Nach der Fertigstellung Ende 2021 sollen dort regelmäßig zehn Mitarbeiter in so genannten Front-Office-Plätzen (zur Sankt-Anton-Straße) für die Bürger direkt erreichbar sein – von 30 insgesamt in dem neuen Büro. Der Wartebereich (an der Fassadenfront zum Von-der-Leyen-Platz) wird nach den Plänen für 50 bis 60 Personen geschmeidig gestaltet. „Wir wollen ein Ambiente schaffen, in dem ein angenehmer Aufenthalt möglich ist“, sagt Oberbürgermeister Frank Meyer. Lange Wartezeiten soll es aber laut Stadtdirektorin Beate Zielke durch die ständige Präsenz der zehn Mitarbeiter möglichst nicht geben. „Wir wollen damit erreichen, dass wir verlässliche Zeiten vorhalten.“ Entzerrt werden sollen aktuell langwierige und umständliche Prozesse auch durch einen Info-Punkt in der Nähe des Eingangs. Ohne auf einen Termin mit dem Sachbearbeiter warten zu müssen, sollen dort beispielsweise Dokumente wie ein beantragter Pass ohne bürokratischen Aufwand abgeholt werden und schnelle Hinweise erfragt werden können.

Die historischen Eingänge
sind nicht barrierefrei

Der Eingang für das neue Bürgerbüro Mitte wird nach den aktuellen Vorstellungen links neben dem historischen Haupteingang des Rathauses zum Block A sein, weil nur dort ein Zugang möglich ist, ohne gravierend baulich auf Dauer in den Denkmalschutz einzugreifen. Auch der Eingang an der Sankt-Anton-Straße, der direkt in das geplant Bürgerbüro führen würde, kann aus dem Grund für den ständigen Publikumsverkehr nicht genutzt werden. „Das bekommen wir nicht barrierefrei hin“, sagt Dirk Bangel vom Fachbereich Bürgerservice.

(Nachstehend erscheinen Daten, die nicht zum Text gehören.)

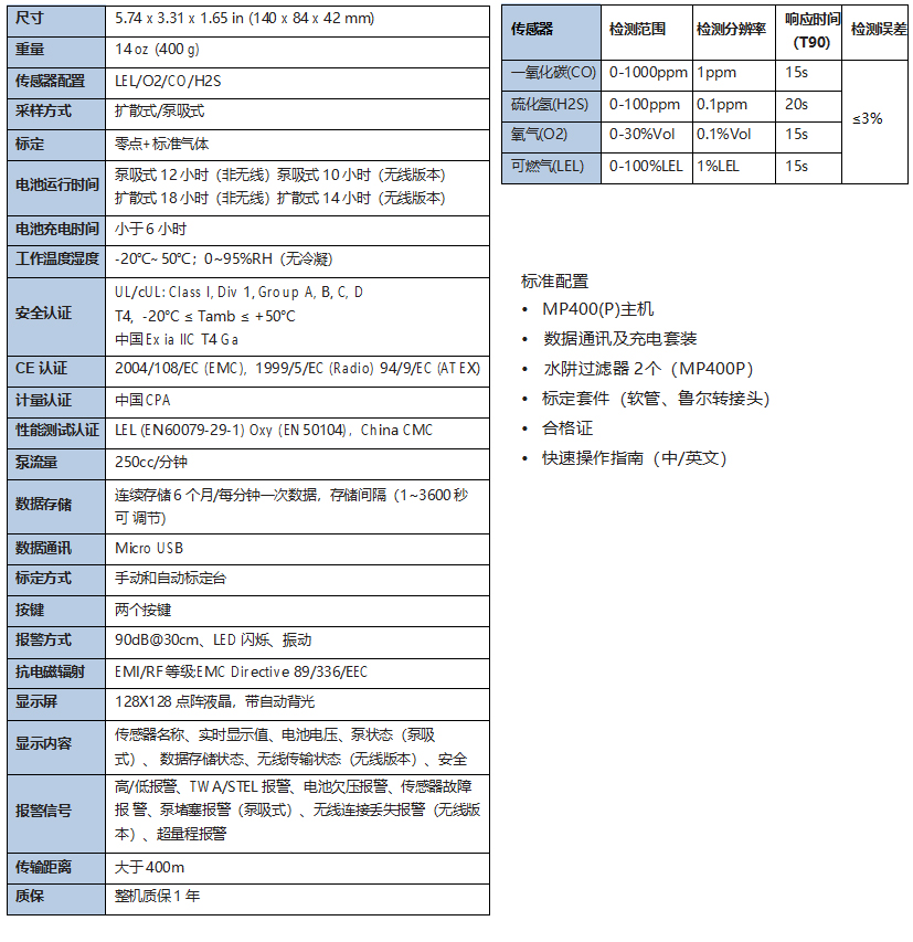 MP400(P)便攜式四氣體檢測儀可同時對可燃氣體、氧氣、一氧化碳和硫化氫進行準確檢測,同時給使用者帶來了前 所未有的友好以及靈活性的無線檢測體驗。MP400(P)可以預(yù)見對使用者以及裝置潛在威脅,可連續(xù)性檢測以及為決 策者提供更快的反應(yīng)時間和科學(xué)決斷。MP400(P)具有泵吸式和擴散式兩個版本。可被廣泛的應(yīng)用在冶金、石油石 化、化工、消防、電信、市政、污水處理等行業(yè)。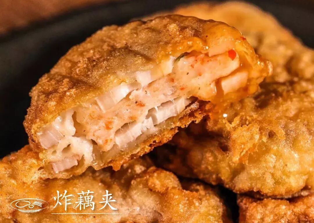 这一款炸藕夹也选用了两种馅料,豆腐肉馅鲜嫩多汁,虾肉馅鲜美弹牙,酥香爽脆。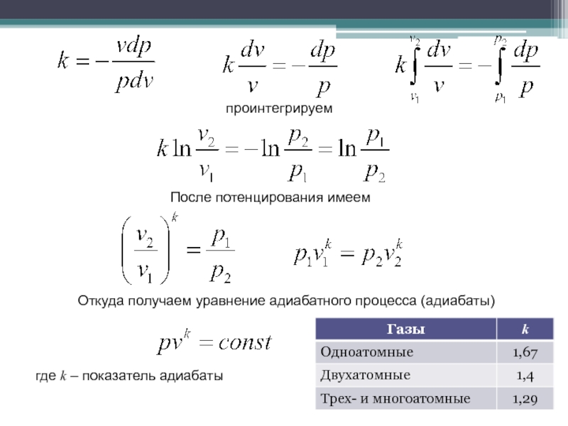 Откуда получаем уравнение адиабатного процесса (адиабаты)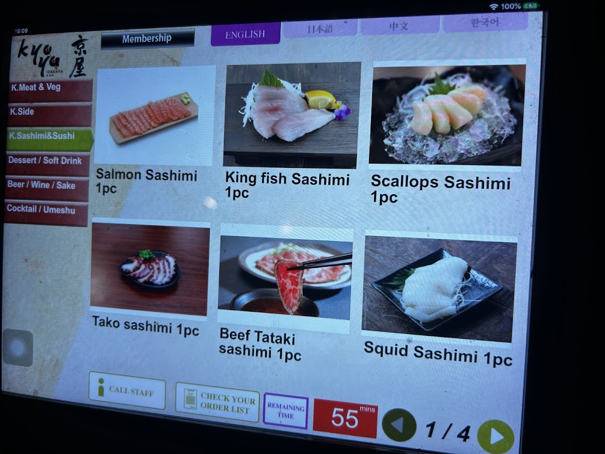 Salmon sashimi, king fish sashimi, tuna sashimi, scallops sashimi, scampi sashimi, surf clam, squid.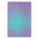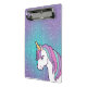 This design shows a cute unicorn with colourful hair and golden horn, standing on a shiny glitter background full of magic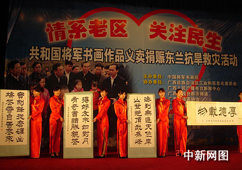 中新網(wǎng)南寧3月27日電(記者 羅先彬)2009年8月份以來(lái),廣西革命老區(qū)東蘭縣境內(nèi)持續(xù)干旱,人畜飲水困難,農(nóng)業(yè)生產(chǎn)受影響嚴(yán)重。東蘭縣嚴(yán)重的旱情,牽動(dòng)了一群遠(yuǎn)在北京的共和國(guó)老將軍的心:中共第十二屆至第十五屆中央委員、原沈陽(yáng)軍區(qū)、蘭州軍區(qū)司令員、軍事科學(xué)院院長(zhǎng)劉精松上將,和其他八位老將軍,不顧年高體弱,千里迢迢趕赴南寧,獻(xiàn)出自己精心創(chuàng)作的114幅書畫作品進(jìn)行慈善義賣,所得114萬(wàn)元全部捐給東蘭人民,用于目前的抗旱救災(zāi)。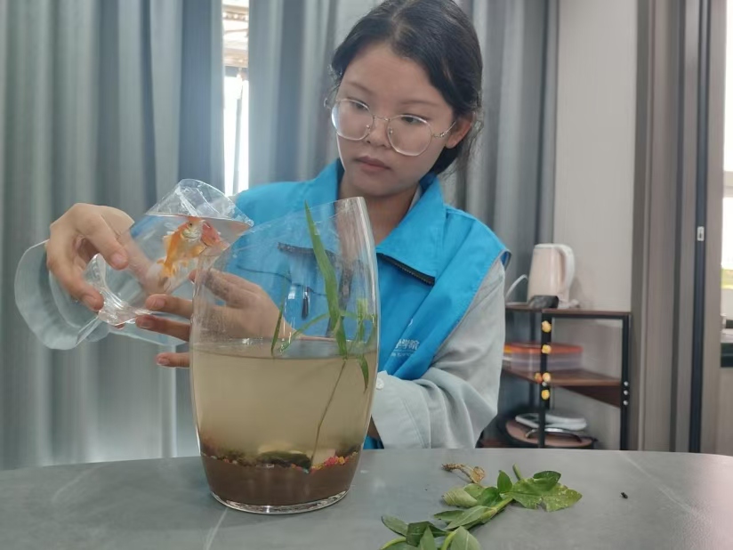 點滴綠意聚瓶中,環保意識植心中。此次生態瓶制作活動充分發揮學科優勢,增強了學生對生態系統結構的理解,不僅為學生提供了一個學習和交流的平臺,同時也鍛煉了學生的動手能力和創造力,促進了環保理念的普及和傳播,樹立了“綠水青山就是金山銀山”的生態文明理念。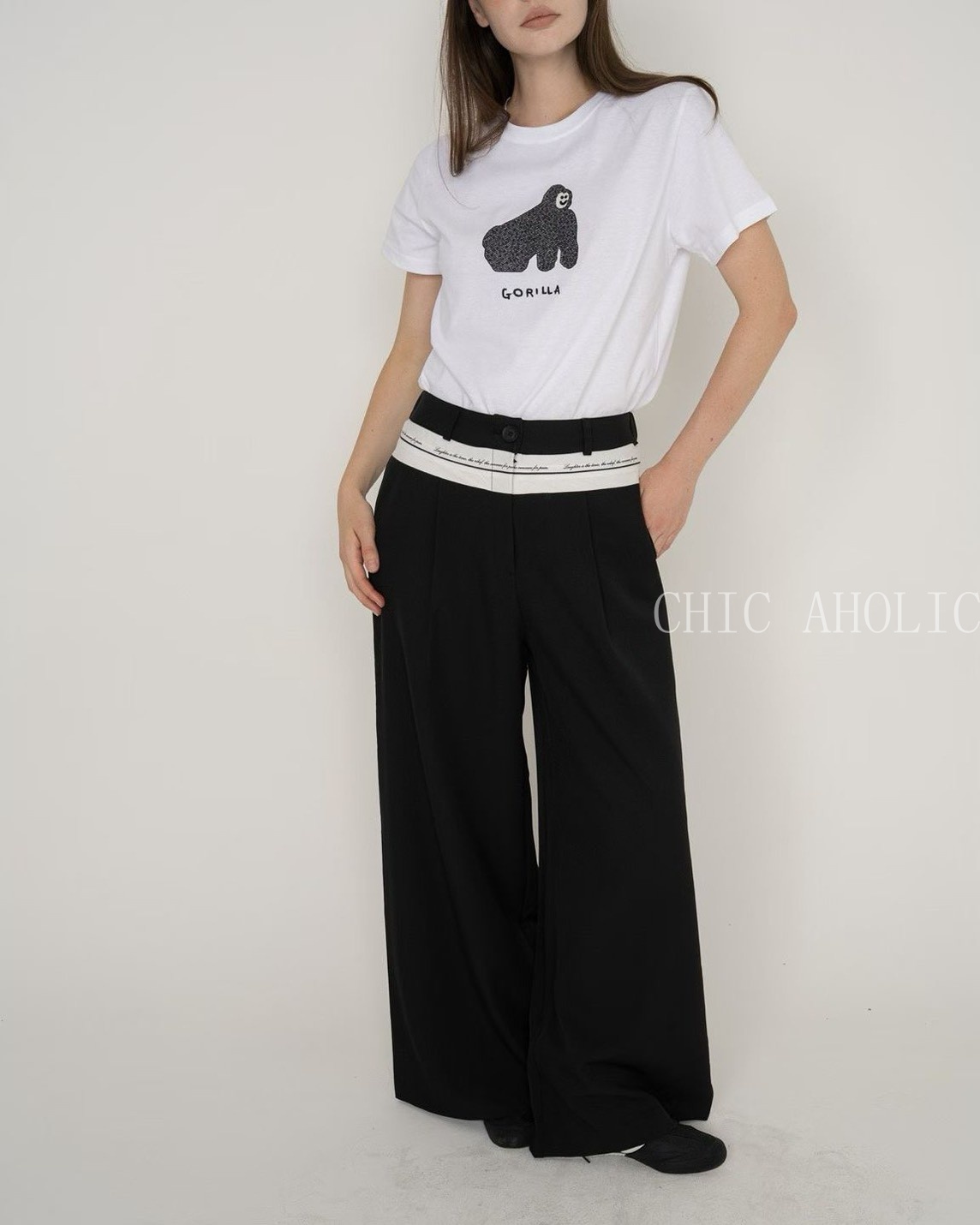 腰頭拼字母西裝長褲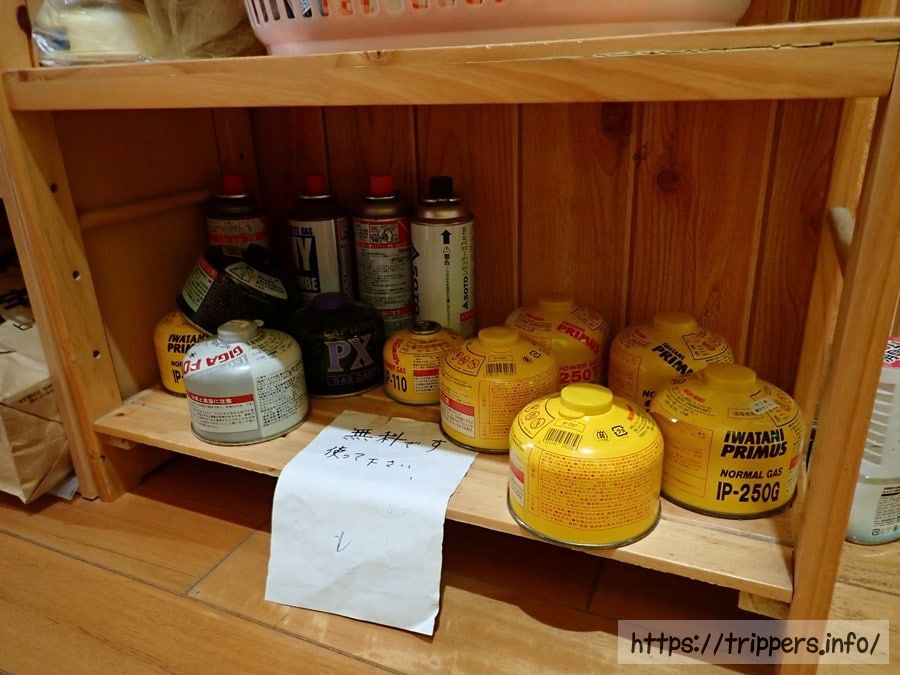 まさかですね。宿にガスボンベが置いてありました。買わなくて良かったですね。ただどの宿にも他の登山者が置いて行ったガスボンベがある訳ではないし、スーパーで買える保証もないのでリスクマネジメントは必要だと思います。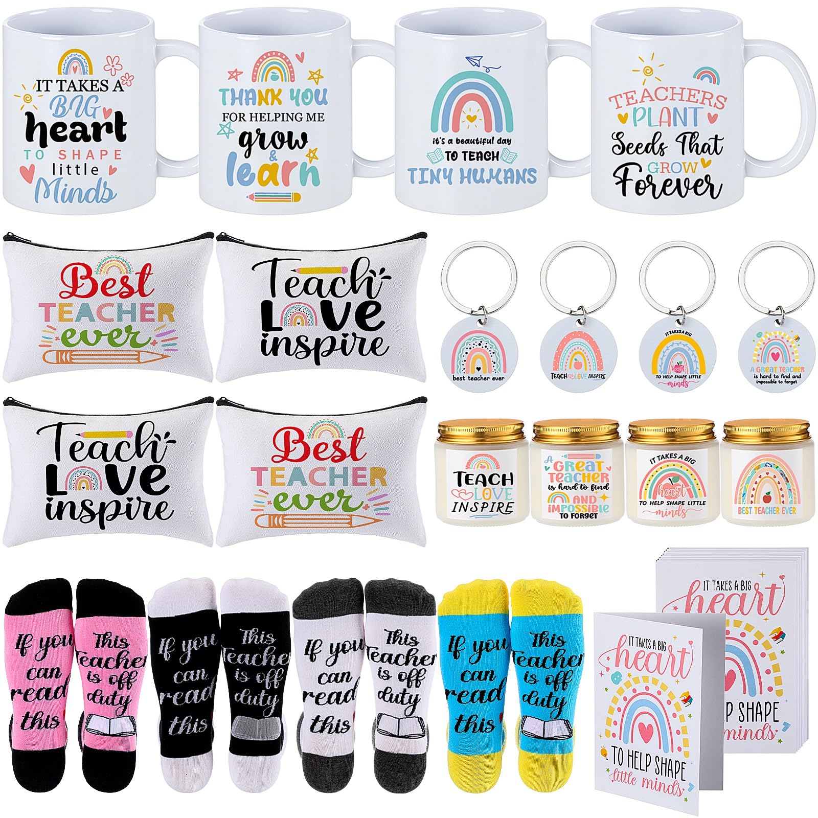 Teacher Appreciation Gifts Set: surprise your favorite teacher with this rainbow theme thank you gifts set; The package includes 4 scented candles, 4 coffee mugs, 4 cosmetic bags, 4 pairs of socks, 4 keychains, and 4 greeting cards, exquisitely presented and designed to express your gratitude to the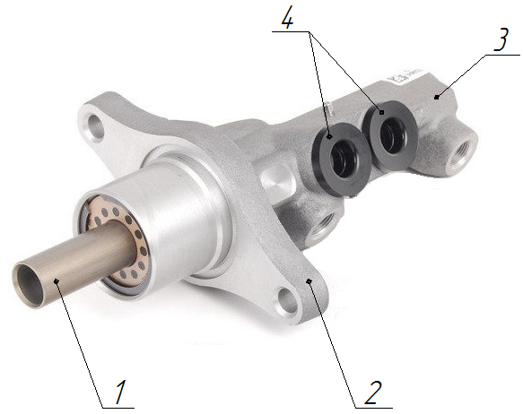 1 - толкатель поршня; 2 - фланец крепления цилиндра; 3 - корпус тормозного цилиндра; 4 –резиновые насадки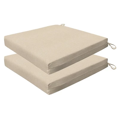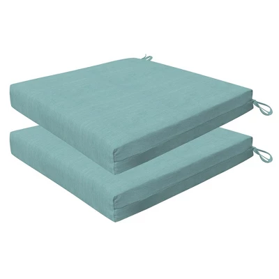 Add a splash of color & comfort to your outdoor living space with our 2-pack premium patio dining seat cushions. Crafted with durable & stylish fabrics, these cushions will resist the elements while remaining bright and beautiful for years to come. Finished & filled in the US with superior polyester fiber for long-lasting comfort and support. Measures 20″W x 20″D x 4″ thick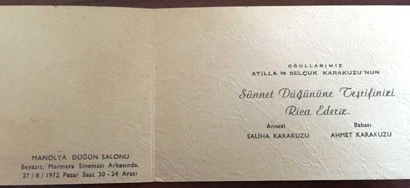 ATİLLA KARAKUZU ve SELÇUK KARAKUZU'NUN 27 AĞUSTOS 1972 PAZAR TARİHLİ SÜNNET DÜĞÜNÜ DAVETİYESİ, MANOLYA DÜĞÜN SALONU, en son 2 yıl önce güncellenmiştir.
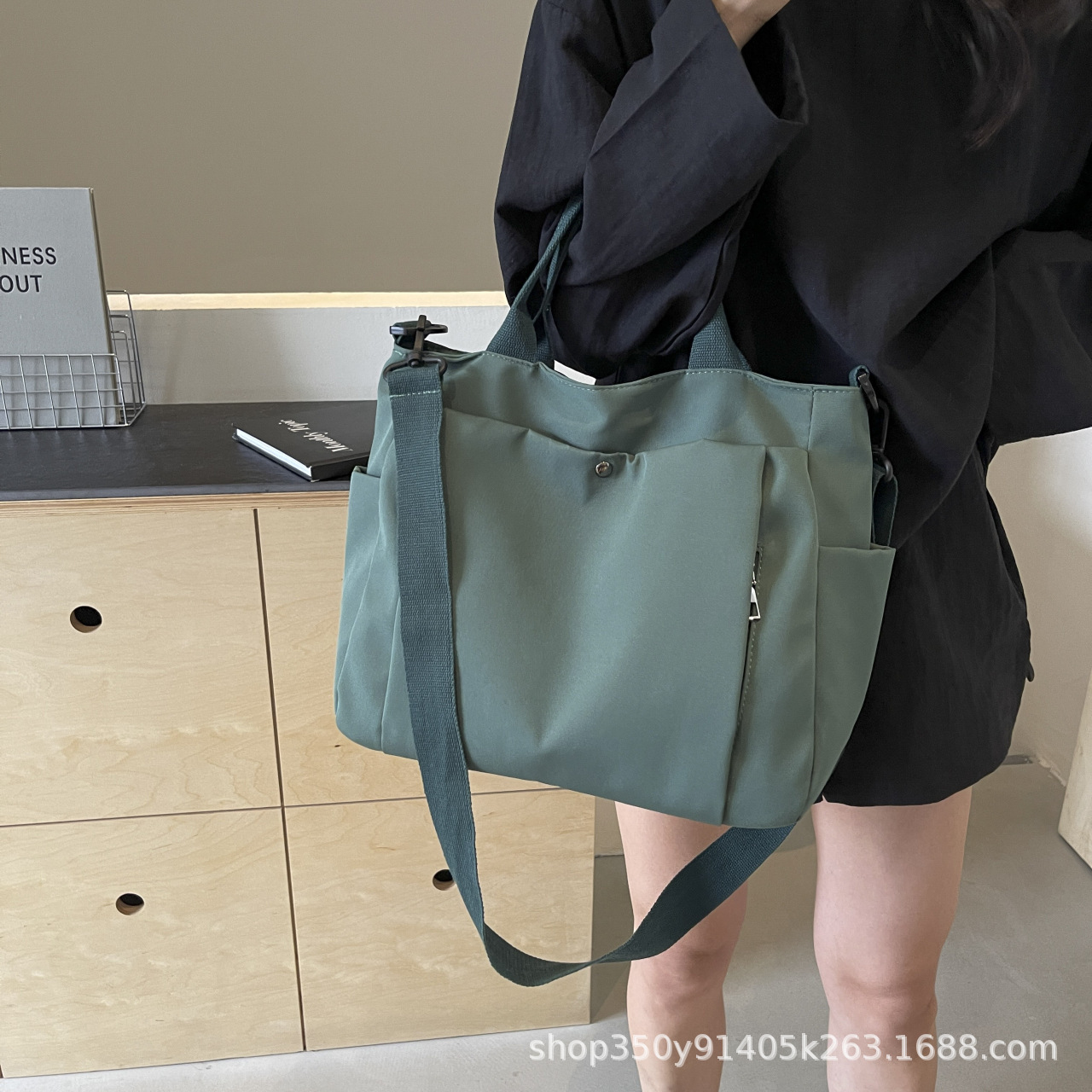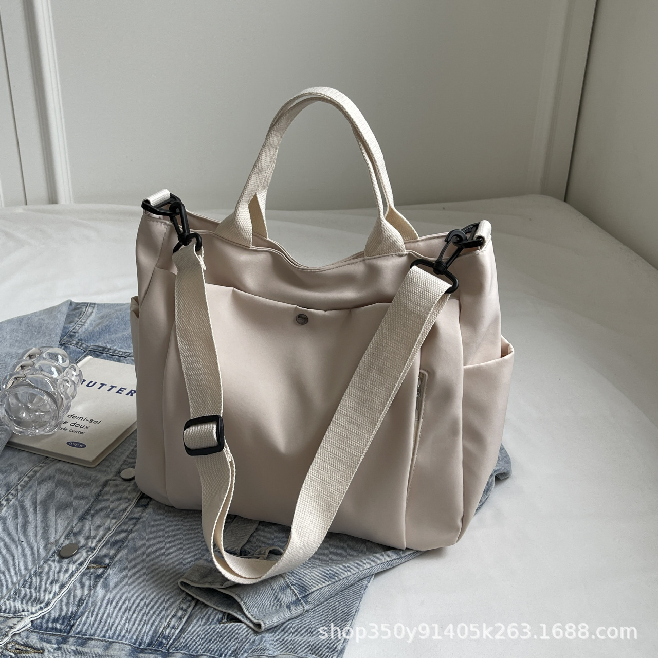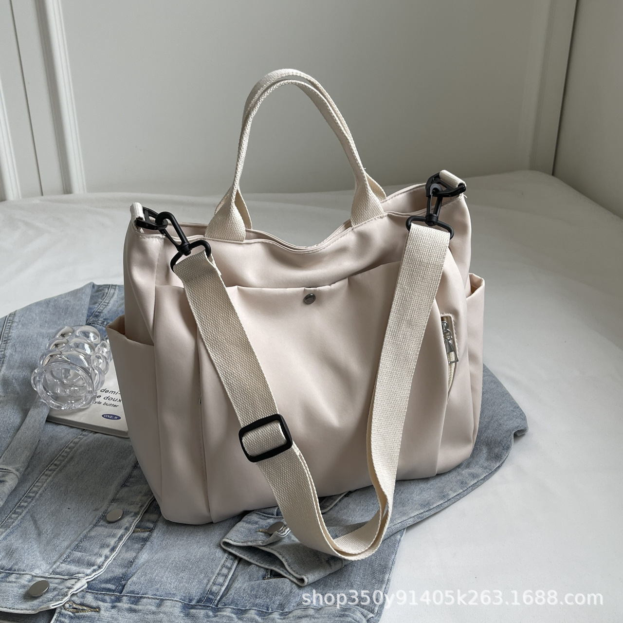 한국식 캔버스 대용량 패셔너블하고 활용도가 높은 숄더 토트백, 업무용 통근가방, 심플한 캐주얼 크로스백, 휴대용스토어 가기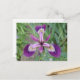 This postcard features a photograph of a purple Iris. The photo was taken using macro photography for a detailed result. This beautiful flower blooms every year in my garden pond and always makes me smile.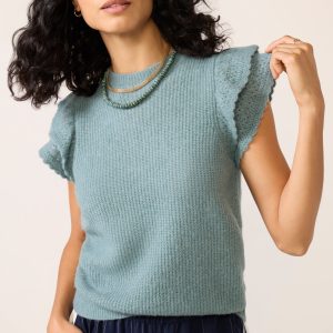 Crafted in a wool blend, the Stasia Pullover by Rails features a crew neckline, flutter short sleeves, a subtle ribbed texture, and a boxy, cropped silhouette.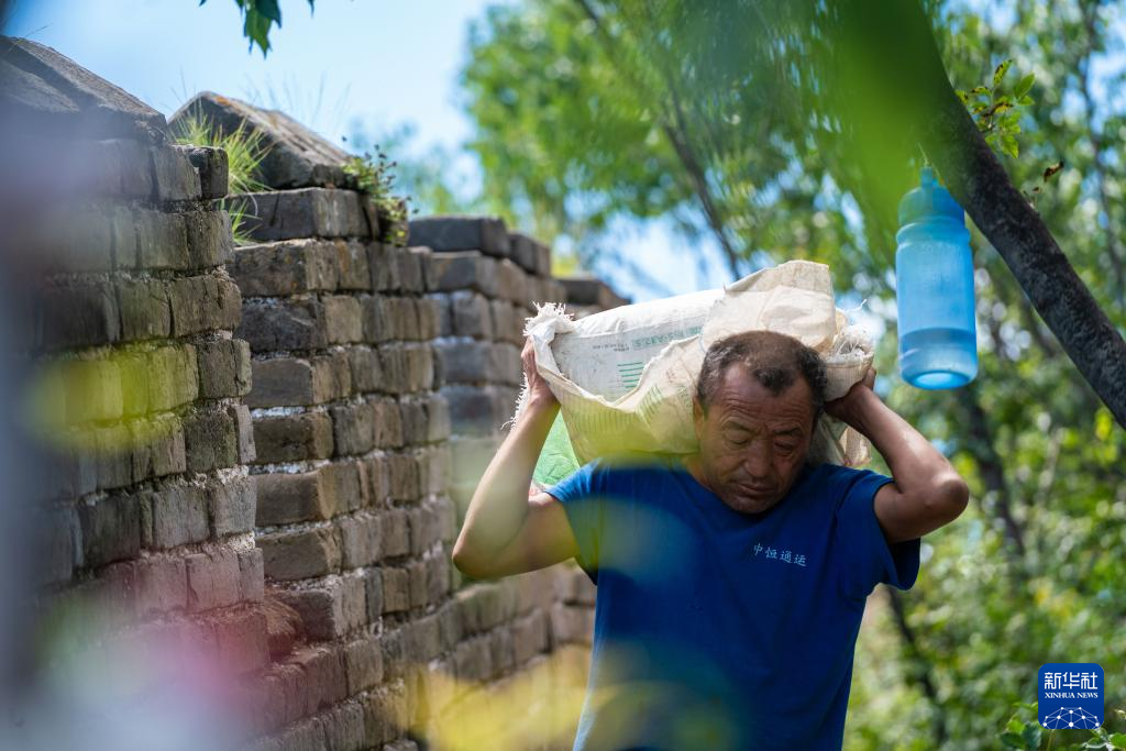 工人在“西大墙”段向修缮中的敌台运送施工材料(8月16日摄)。

Um Zeit in den Arbeitsabläufen zu gewinnen, sind neben dem „Info-Point“ auch so genannte Speed-Capture-Terminals im Gespräch. Damit können die Bürger ihre biometrischen Daten (Foto, Fingerabdrücke, Unterschrift) für Ausweise und Pässe selbst erfassen. „Dann sind die Daten schon beim Sachbearbeiter, wenn der Bürger zum Termin aufgerufen wird“, erläutert Zielke.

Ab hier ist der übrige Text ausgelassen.